IX production in ssAAV1 treated mice. At 4 weeks post injection, muscle transduced with ssAAV1 maintained hF. IX expression concomitant with continued CD8 T cell infiltrates, whereas mice that received scAAV1 had really couple of transduced skeletal muscle cells remaining, and CD8 T cell infiltration had subsided. Mice having a nonsense mutation fail to mount an immune response against F. IX irrespective of the AAV genome With all the indication that scAAV vectors may induce a stronger CD8 T cell response to hF. IX, we subsequent sought to identify whether they could induce a response in hemophilic mice using a mutation that results in non functional hF. IX expression. We had previously esta blished hemophilic mice carrying F9 missense mutations or even a nonsense mutation. When injected i. m. with AAV2 CMV hF.
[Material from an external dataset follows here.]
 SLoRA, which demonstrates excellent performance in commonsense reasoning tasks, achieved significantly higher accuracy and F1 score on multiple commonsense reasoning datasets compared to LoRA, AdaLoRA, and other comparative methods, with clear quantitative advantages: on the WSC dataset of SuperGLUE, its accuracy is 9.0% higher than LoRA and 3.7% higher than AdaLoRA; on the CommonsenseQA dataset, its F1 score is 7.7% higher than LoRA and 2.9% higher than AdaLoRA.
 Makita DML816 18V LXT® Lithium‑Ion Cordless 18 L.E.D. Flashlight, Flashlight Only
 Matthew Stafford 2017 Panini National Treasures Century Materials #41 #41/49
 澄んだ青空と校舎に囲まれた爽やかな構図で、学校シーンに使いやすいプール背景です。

IX vector, none with the mice of either of those lines showed a CD8 T cell response to F. IX, having said that, mice with a late quit codon mutation created antibodies against hF. IX, indicating that Ruxolitinib clinical trial these mice were not fully tolerant to hF. IX. Hence, we chose the LS line of hemophilic mice to test irrespective of whether i. m. administration of an scAAV1 vector could break CD8 T cell tolerance to hF. IX. One week right after gene transfer with either sc or ssAAV1 vectors, circulating hF. IX was detected at levels similar to these reported above for HB null mutation mice. At two and four weeks post injection, hF. IX expression improved and persisted, with expression levels in ssAAV1 treated mice about three fold greater than scAAV1 injected mice soon after four weeks. None of the LS mice deve loped antibodies inhibitors against hF.
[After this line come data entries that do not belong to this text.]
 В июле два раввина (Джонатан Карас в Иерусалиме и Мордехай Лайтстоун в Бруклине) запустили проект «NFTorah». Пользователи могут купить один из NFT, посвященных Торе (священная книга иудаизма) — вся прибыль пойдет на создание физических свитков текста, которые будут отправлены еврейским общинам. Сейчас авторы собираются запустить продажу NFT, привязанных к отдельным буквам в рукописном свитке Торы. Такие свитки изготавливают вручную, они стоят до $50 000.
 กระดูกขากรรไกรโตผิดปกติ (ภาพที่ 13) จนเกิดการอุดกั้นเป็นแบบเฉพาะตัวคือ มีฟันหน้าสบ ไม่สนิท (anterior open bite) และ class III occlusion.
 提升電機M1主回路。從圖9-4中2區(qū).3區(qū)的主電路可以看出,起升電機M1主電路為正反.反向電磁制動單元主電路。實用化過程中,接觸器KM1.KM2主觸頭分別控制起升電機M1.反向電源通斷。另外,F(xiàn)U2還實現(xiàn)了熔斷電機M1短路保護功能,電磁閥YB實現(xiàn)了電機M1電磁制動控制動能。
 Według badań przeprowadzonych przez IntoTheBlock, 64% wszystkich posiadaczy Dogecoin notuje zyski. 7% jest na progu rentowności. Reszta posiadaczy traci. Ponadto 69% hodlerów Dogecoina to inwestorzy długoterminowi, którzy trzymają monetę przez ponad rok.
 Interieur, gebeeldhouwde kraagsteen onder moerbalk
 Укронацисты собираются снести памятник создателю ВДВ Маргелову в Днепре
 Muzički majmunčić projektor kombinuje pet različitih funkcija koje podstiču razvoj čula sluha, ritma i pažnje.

IX more than selelck kinase inhibitor the course on the experiment. Just after four weeks, spleno cytes have been when again harvested to measure the CD8 T cell responses to hF. IX by ELISPOT. As with all the humoral immune response, there was no evidence of splenic hF. IX specific CD8 T cells in LS mice treated with either vector. The predicament inside the muscle itself reflected what had been observed systemi cally. Mice injected with either ss or scAAV1 showed related transduction of skeletal muscle devoid of proof of infiltrating CD8 T cells. In summary, use of scAAV vector didn’t increase the threat for humoral or cellular immune responses for the hF. IX transgene pro duct within the context in the LS nonsense mutation. Since LS mice displayed higher hF.
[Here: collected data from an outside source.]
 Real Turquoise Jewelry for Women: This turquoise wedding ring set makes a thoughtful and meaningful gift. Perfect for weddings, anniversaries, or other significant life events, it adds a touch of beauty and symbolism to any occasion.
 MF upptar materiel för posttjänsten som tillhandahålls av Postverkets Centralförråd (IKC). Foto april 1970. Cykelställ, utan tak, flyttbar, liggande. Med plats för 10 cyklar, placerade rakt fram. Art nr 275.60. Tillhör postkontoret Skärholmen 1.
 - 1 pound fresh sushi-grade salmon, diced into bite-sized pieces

IX expression levels from ssAAV1 vectors in comparison to scAAV1 inside the absence of an immune response, we wanted to verify the functionality of your self complementary vector on an other background. Therefore, RAG deficient C57BL six mice that lack B and T cells have been injected intramuscularly with 1011 vg of either vector. In these mice, circulating hF. IX levels have been substantially greater in animals treated with scAAV1, suggesting that the inversion in expression levels observed inside the LS mice may perhaps be a strain particular effect.